Come on mate stop being ridiculous.

I would hope if I was selling something it wouldn't be average, and if i do hype it as the best thing in x, then people try and find out it's shit, they won't believe me again when what I say is actually near true. You can say something was great without saying it's one of the greatest ppv's of all time. that's hilarious. 

I'm not directing it a only what he said about next week but everything he's hyped in the past makes me roll my eyes at this statement.


----------



## Optikk is All Elite (Sep 5, 2007)

Swan-San said:


> Come on mate stop being ridiculous.
> 
> I would hope if I was selling something it wouldn't be average, and if i do hype it as the best thing in x, then people try and find out it's shit, they won't believe me again when what I say is actually near true. You can say something was great without saying it's one of the greatest ppv's of all time. that's hilarious.
> 
> I'm not directing it a only what he said about next week but everything he's hyped in the past makes me roll my eyes at this statement.


Then roll your eyes. Some people may be more gullible than you. the statement in that case, was not meant for you.
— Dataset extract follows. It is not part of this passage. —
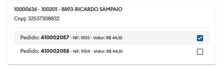 É possível selecionar múltiplos pedidos.

Nitpicking at its extreme, I swear.


----------



## Cult03 (Oct 31, 2016)

optikk sucks said:


> Do you expect him to say “well the product we are putting out is pretty mediocre but I hope you still watch”
> 
> you dumb?


Nah, I wouldn't expect him to be honest


----------



## MarkOfAllMarks (Apr 7, 2018)

I wasn't a big fan of Sammy Guevera at first but he has grown on me. He has incredible wrestling ability and every week he shows more and more charisma. Darby Allin and Sammy are 2 of AEWs brightest prospects. They will be big stars in the near future.


----------



## DMD Mofomagic (Jun 9, 2017)

optikk sucks said:


> again, you want him to say “well it was an average PPV, but watch anyway” lol
> 
> you would be a shit salesman


You know who used to do the same stuff all the time?

Dixie Carter.

How did she do with the wrestling industry?
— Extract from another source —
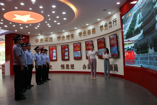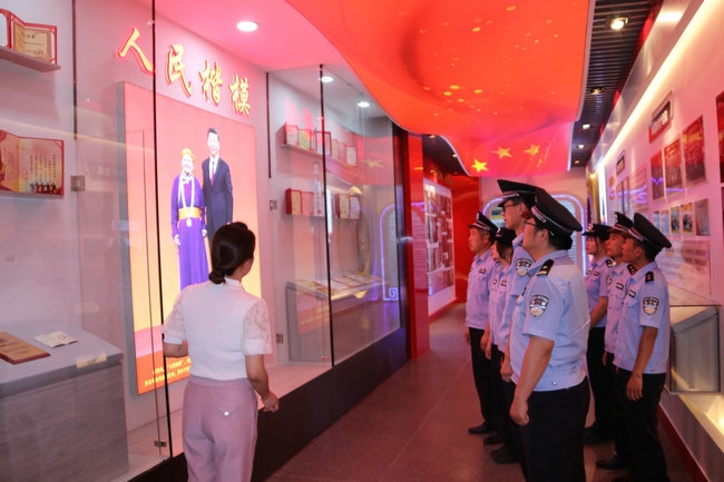 習(xí)近平新時(shí)代中國(guó)特色社會(huì)主義思想實(shí)踐基地由四子王旗委政府于2021年5月建成,總面積460平米,展廳內(nèi)展出圖片241張、文字展板34塊、視頻資料12個(gè),分黨史學(xué)習(xí)教育、都貴瑪先進(jìn)事跡、新時(shí)代文明實(shí)踐中心三個(gè)展廳,力圖打造成鞏固民族團(tuán)結(jié)大局、鑄牢中華民族共同體意識(shí)的紅色教育主陣地。在黨史學(xué)習(xí)教育展廳,全體黨員民警通過(guò)多媒體技術(shù),深入了解了黨的歷次代表大會(huì)主要內(nèi)容、我們黨理論探索的發(fā)展歷程和中國(guó)共產(chǎn)黨人的精神譜系以及習(xí)近平總書記對(duì)內(nèi)蒙古的重要囑托,重溫了習(xí)近平總書記“七一”重要講話精神,引導(dǎo)黨員民警牢記初心使命,時(shí)刻銘記黨性是黨員立身、立業(yè)、立德的基石。在都貴瑪先進(jìn)事跡展廳,大家通過(guò)視頻、照片、文字、連環(huán)畫等方式細(xì)致了解了“草原母親”都貴瑪養(yǎng)育28名孤兒和挽救40多位產(chǎn)婦的感人事跡,共同回憶了都貴瑪老人與邊防官兵、移民管理警察相處的點(diǎn)點(diǎn)滴滴。大家被都貴瑪老人身上“初心如炬 大愛(ài)無(wú)疆”的精神深深折服,深切感受到榜樣的力量。在新時(shí)代文明實(shí)踐中心展廳,大家還了解到駐地四子王旗新時(shí)代文明實(shí)踐工作的重要舉措和成果,通過(guò)對(duì)照人民楷模和道德模范,深入開(kāi)展深刻檢視,進(jìn)一步強(qiáng)化了黨員民警建設(shè)美麗邊疆、維護(hù)安全穩(wěn)定的信心決心。

Some things are just cautionary tales, that's all


----------



## Optikk is All Elite (Sep 5, 2007)

DMD Mofomagic said:


> You know who used to do the same stuff all the time?
> 
> Dixie Carter.
> 
> ...


dixie carter got TNA quite far, until she got scammed by Bischoff, Hogan and Russo


----------



## Danielallen1410 (Nov 21, 2016)

Swan-San said:


> He said double or nothing was one of the greatest ppvs of all time, he says this or that is the greatest x in x, when it's not, and it's actually average at best.
> 
> You tell me.


I think double or nothing was definately one of the best of the modern era.


----------



## RiverFenix (Dec 10, 2011)

DetroitRiverPhx said:


> __ https://twitter.com/i/web/status/1253134388491157512


Not to quote myself, but that Number 10 photo of Vance there hasn't aired yet, so he'll be part of an upcoming show. Maybe Brodie subs in No.10 in his place against Marko as early as next week.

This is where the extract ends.